2022, sujet J2 pour l’Amérique du Sud
par
Le candidat traitera un sujet de dissertation, au choix parmi les sujets 1 et 2 ET l’étude critique de document.
Dissertation 1
La guerre : un affrontement armé entre États ?
Dissertation 2
La question environnementale, un enjeu de mobilisation internationale.
Étude critique de document – Mémoires et histoire d’un conflit : la guerre d’Algérie
En analysant le document et en vous appuyant sur vos connaissances, vous mettrez en évidence les différences entre les approches mémorielles et historiques de la guerre d’Algérie.
Document :
Contrairement à ce que l’on entend souvent, la guerre d’Algérie n’a jamais été totalement occultée [...]. Très tôt, plusieurs films ont été projetés. [...] En 1977, Laurent Heynemann, soutenu par Bertrand Tavernier, adapte le livre d’Henri Alleg La Question, qui dénonce les tortures qu’il a subies ; le film est présenté sur Antenne 2 par Michel Drucker aux Rendez-vous du dimanche, émission de grande écoute – l’animateur invite les téléspectateurs à voir le film lors d’une séquence relativement longue de huit minutes.

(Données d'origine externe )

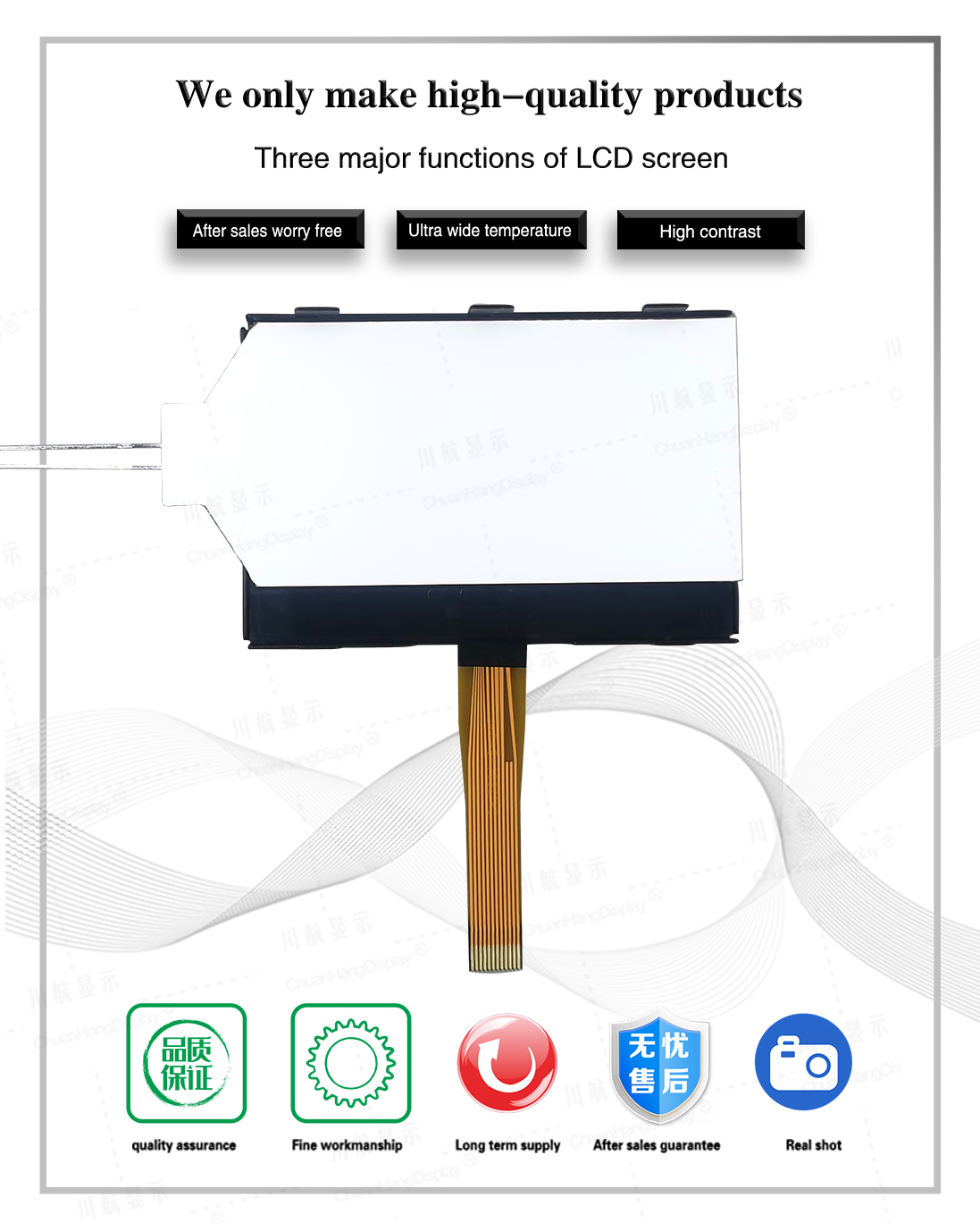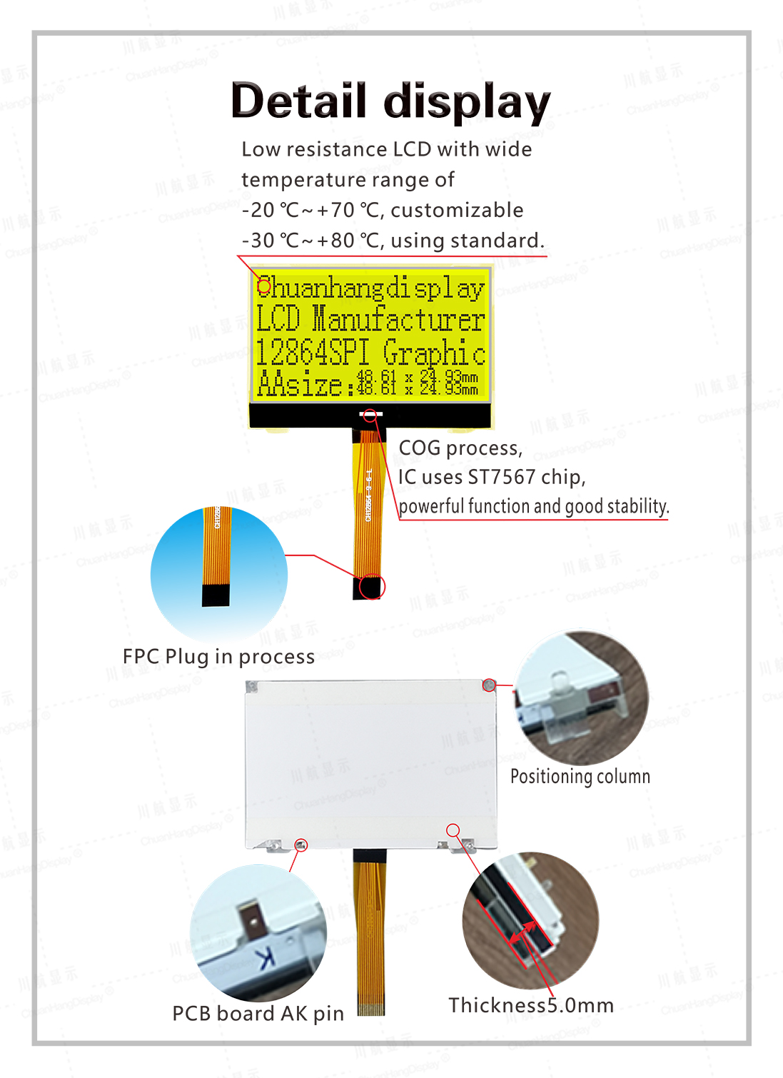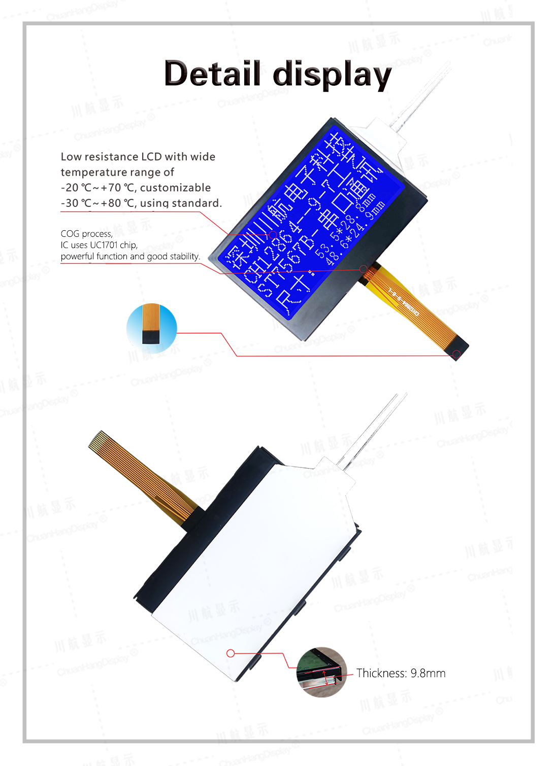 1.1 COG process, FPC soft wiring is a plug-in interface, the product has backlight, has been assembled, thin thickness and stable structure.

Cependant, les décennies 1970 et 1980 furent fort tranquilles, à peine troublées par la grève de la faim de harkis en novembre 1974. Sans aucune difficulté, la guerre d’Algérie est mise au programme des classes de terminales en 1983. Je me permets un souvenir personnel : l’Association des professeurs d’histoire-géographie avait organisé à Marseille, en octobre 1983, dans le cadre des premières Journées de l’histoire-géographie, un atelier sur le thème : « Peut-on enseigner la guerre d’Algérie ? », [...] tout se passa dans la sérénité et le calme le plus absolu. [...] Notons cependant qu’officiellement le terme de « guerre » n’était toujours pas employé ! Cette mémoire tiède se réchauffe dans les années 1990 avec la création de l’association Au nom de la mémoire visant notamment à recueillir des témoignages sur la répression de la manifestation du FLN (Front de libération nationale) du 17 octobre 1961. [En 1991] Benjamin Stora analyse, dans La Gangrène et l’Oubli, « l’ensemble subtil de mensonges et de refoulement » qui a fait de la guerre d’Algérie un nouveau passé qui ne passe pas. Il prolonge sa réflexion par le film qu’il réalise la même année avec Philippe Alfonsi, Les Années algériennes, entièrement fondé sur les mémoires, y compris celle de sa mère qui revient en Algérie vingt-huit ans après et se rend sur les tombes de son père et de son grand-père. Des mémoires, souvent antagonistes, se retrouvent parfois autour de la culture du Sud. À travers la mise en images de ces mémoires dévoilées, Stora espère guérir la société française du poids de ce passé non reconnu. L’année suivante, Bertrand Tavernier et Patrick Rotman font l’histoire de cette guerre uniquement à partir du témoignage d’appelés ou de rappelés, en utilisant même leurs photos. Beaucoup précisent qu’ils n’ont jamais voulu en parler jusque-là ; tous sont revenus meurtris. Le procès de Maurice Papon, en 1998, sur son rôle dans la déportation des Juifs à Bordeaux, renvoie à son attitude de préfet de police en octobre 1961. La notion de massacre fut alors reconnue par la justice pour qualifier le 17 octobre. En 1999, le Parlement décide de remplacer l’expression « opérations de maintien de l’ordre en Afrique du Nord » par celle de « guerre d’Algérie ».
Cependant, la tension remonte avec les violentes polémiques autour de la torture en 2000 et 2001, à partir de la confirmation tranquille du fait par l’un des principaux acteurs, le général Aussaresses, dans la presse, à la télévision et finalement dans un livre. Ce que certains s’obstinent malgré tout à nier. Début décembre 2007, Nicolas Sarkozy effectue un voyage en Algérie ; Libération 5 décembre titre « France-Algérie, la guerre des mémoires » et signale : « Selon Bernard Kouchner, Nicolas Sarkozy et son homologue Abdelaziz Bouteflika ont eu « un début de dialogue fort, nécessaire, mais très douloureux » sur les questions de mémoire ». [...] Juste après sa désignation comme candidat à la présidence de la République, François Hollande participe à la commémoration du 17 octobre. Il reconnaîtra, le 17 octobre 2012, la responsabilité e la République dans la sanglante répression par un communiqué très court, non sans susciter encore des réactions hostiles.
Source : Philippe Joutard, Histoire et mémoires, conflits et alliances, Paris, La Découverte, 2013.